* **Task requirements**
Look through the entries below for the line with "此外,中后场埃默松和优素福-福法纳首次首" and the line with "ELASTIC BUFFER DESIGN", then give again exactly those two lines and all lines between them, minus the pictures.

* **Data listing**
━━━━━━━━━━━━━━━━━━━━━━━━━━━━━━

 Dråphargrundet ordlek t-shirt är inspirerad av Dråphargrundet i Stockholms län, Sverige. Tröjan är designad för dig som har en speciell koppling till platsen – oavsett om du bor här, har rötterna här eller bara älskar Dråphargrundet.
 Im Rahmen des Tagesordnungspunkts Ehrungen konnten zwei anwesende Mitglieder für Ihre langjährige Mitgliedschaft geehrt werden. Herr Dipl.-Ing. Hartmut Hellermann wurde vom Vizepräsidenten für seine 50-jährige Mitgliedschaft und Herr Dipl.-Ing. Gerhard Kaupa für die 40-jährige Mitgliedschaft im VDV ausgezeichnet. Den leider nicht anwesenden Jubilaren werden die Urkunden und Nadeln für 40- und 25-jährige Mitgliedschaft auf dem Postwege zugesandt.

━━━━━━━━━━━━━━━━━━━━━━━━━━━━━━

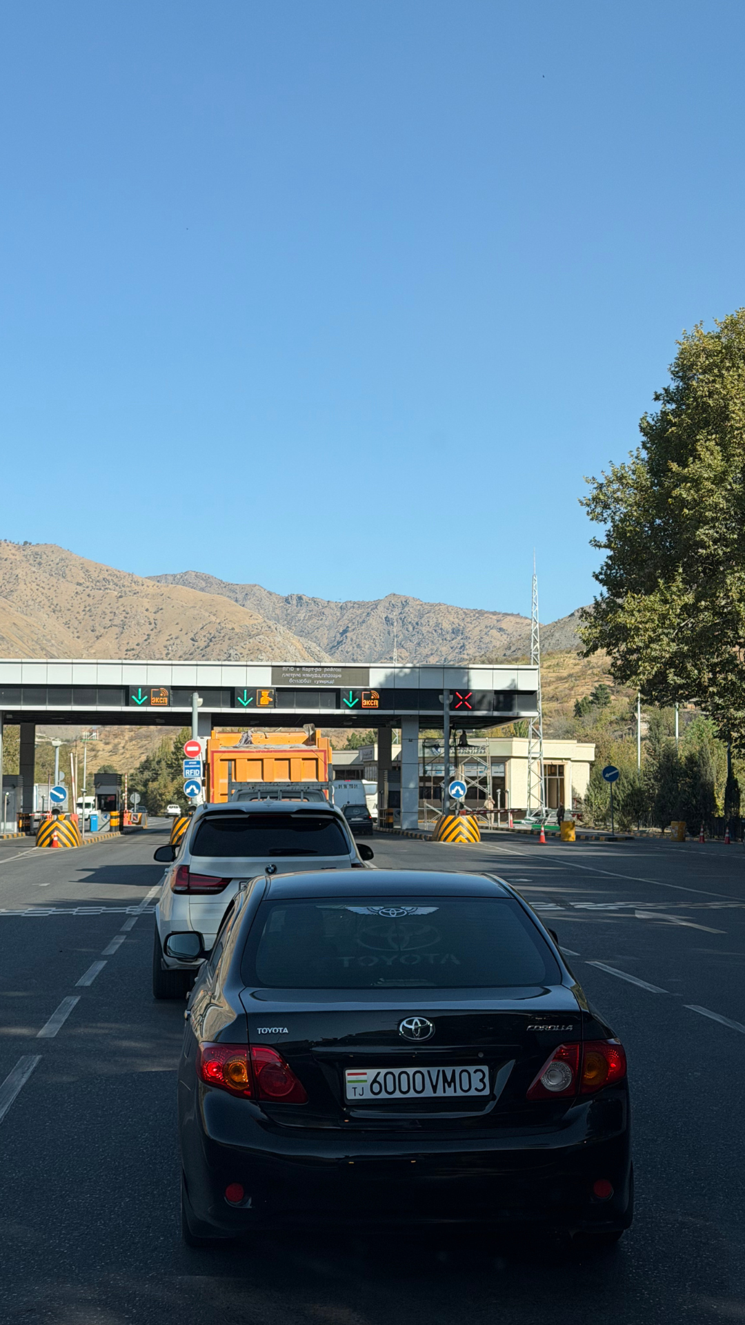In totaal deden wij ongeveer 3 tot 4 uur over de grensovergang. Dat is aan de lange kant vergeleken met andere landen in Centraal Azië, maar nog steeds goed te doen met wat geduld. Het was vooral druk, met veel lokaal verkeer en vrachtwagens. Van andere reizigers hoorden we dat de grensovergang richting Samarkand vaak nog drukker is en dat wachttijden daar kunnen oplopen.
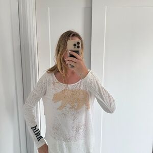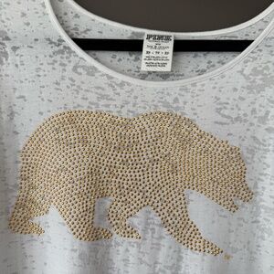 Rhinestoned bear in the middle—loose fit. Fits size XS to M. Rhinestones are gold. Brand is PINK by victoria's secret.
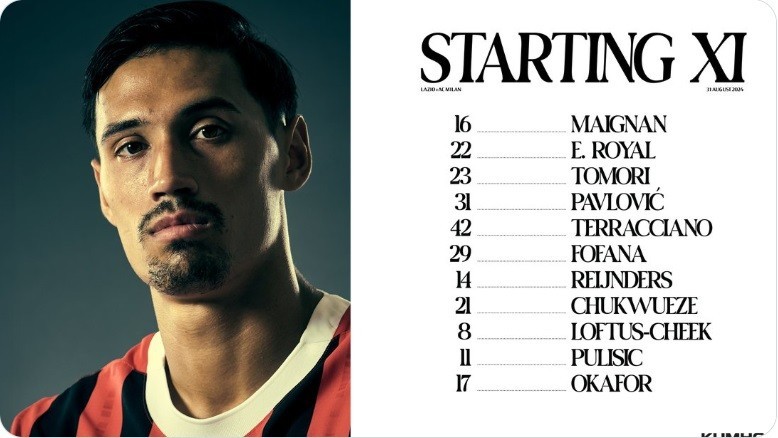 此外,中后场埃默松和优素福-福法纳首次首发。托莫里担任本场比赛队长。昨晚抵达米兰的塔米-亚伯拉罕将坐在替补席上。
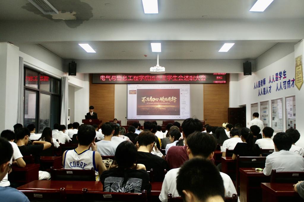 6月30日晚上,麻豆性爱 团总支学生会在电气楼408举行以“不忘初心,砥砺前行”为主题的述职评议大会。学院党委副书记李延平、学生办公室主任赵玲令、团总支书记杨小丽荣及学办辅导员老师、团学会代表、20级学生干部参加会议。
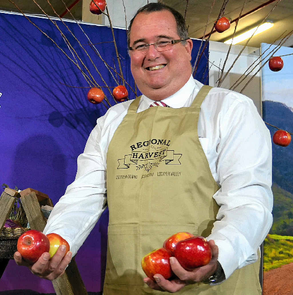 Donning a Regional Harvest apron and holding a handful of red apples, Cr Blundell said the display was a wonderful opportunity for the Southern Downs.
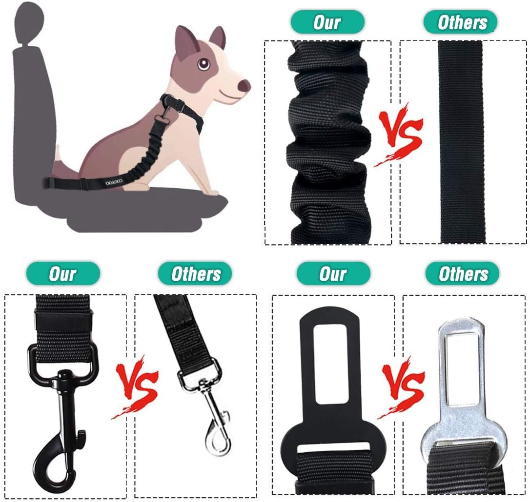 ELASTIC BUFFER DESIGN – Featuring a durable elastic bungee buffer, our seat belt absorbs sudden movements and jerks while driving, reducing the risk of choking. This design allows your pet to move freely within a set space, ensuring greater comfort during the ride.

━━━━━━━━━━━━━━━━━━━━━━━━━━━━━━

* **Output of the task**
 此外,中后场埃默松和优素福-福法纳首次首发。托莫里担任本场比赛队长。昨晚抵达米兰的塔米-亚伯拉罕将坐在替补席上。
 6月30日晚上,麻豆性爱 团总支学生会在电气楼408举行以“不忘初心,砥砺前行”为主题的述职评议大会。学院党委副书记李延平、学生办公室主任赵玲令、团总支书记杨小丽荣及学办辅导员老师、团学会代表、20级学生干部参加会议。
 Donning a Regional Harvest apron and holding a handful of red apples, Cr Blundell said the display was a wonderful opportunity for the Southern Downs.
 ELASTIC BUFFER DESIGN – Featuring a durable elastic bungee buffer, our seat belt absorbs sudden movements and jerks while driving, reducing the risk of choking. This design allows your pet to move freely within a set space, ensuring greater comfort during the ride.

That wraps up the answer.